14 November 2012

Rwanda Adopts Cremation

Parliament has passed an amendment to the law on organisation and operation of cemeteries in Rwanda making cremation an accepted form of interment.

"The law grants permission to those who wish to cremate," said Social Affairs Committee chairperson, Esperance Mwiza, while presenting the bill to the House chaired by Speaker Rose Mukantabana on Tuesday.

She added that once the law is implemented, all cemeteries in the country shall be expected to put up crematoriums.

Cremation or incineration is a common method of burial among the Hindu community in India and around the world. In Rwanda, it has been a special preserve of communities traditionally practising it. The Hindus believe that cremation is not just a disposal of the dead body but the union of Atma (Soul) with the Paramatma (The Holy Spirit).

According to the amended law, district councils may identify sites for cremation of bodies.

Under the new law, consent to cremate is sought by the person responsible for the burial of the deceased indicating details of how the cremation will be carried out - indicating the time and place.

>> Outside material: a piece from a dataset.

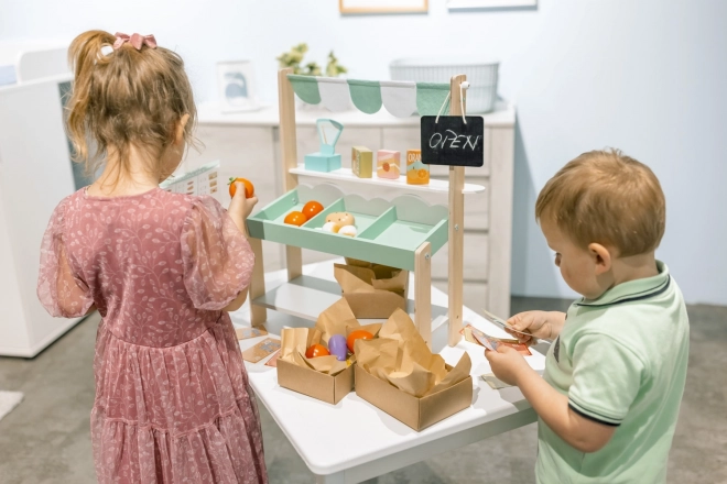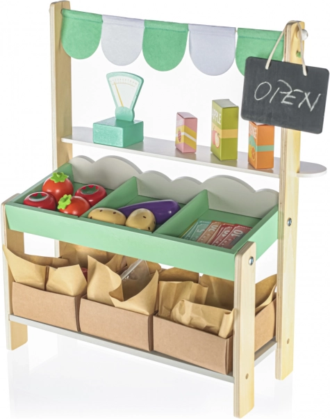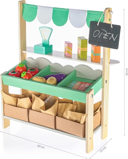 Lesena tržnica polna zabave – zasnovana za spodbujanje ustvarjalnosti in iger vlog pri otrocih. Varnostni in kakovostni leseni materiali zagotavljajo dolgo življenjsko dobo. Otroci bodo uživali ure zabave pri organiziranju svoje tržnice doma ali zunaj na terasi.

The request is accompanied by a medical certificate issued by a practicing medical officer that specifies the cause of death.

MP Juliana Kantengwa made a call for allocating more land for other developments other than cemeteries.

Cremation is considered a solution to the increasing pressure put on land.

Rwanda is among the most densely populated country in Africa. It is only 26,338 square kilometres and it's population is over 11 million.

Mwiza warned of the cultural barrier to the new method of deposing the dead.

"When my committee was working on this bill, people would say 'those are the MPs working on the law to 'burn' dead persons."

In an interview with The New Times yesterday, A.S. Natarajan, a member of the Hindu Mandal Community resident in Rwanda, gave an account of cremation process.

"Traditionally, about 100 kgs of wood and 10 kgs of ghee are used when a dead body is confined to fire.

Normal wood-fire temperature does not heat up beyond 300 c but when the ghee is added the temperature increases to 700 c which has been proved scientifically to be the optimum temperature required for cremation of a human body."

He explained that cow dung is also added to act as a strong anti-pollution burning agent. He added that this increases the intensity of the resulting in total destruction of germs and worms.

"It generally takes about two hours for a body to be completely reduced to ashes. The ashes are then collected and packed by the dear ones to be immersed in the sea or river."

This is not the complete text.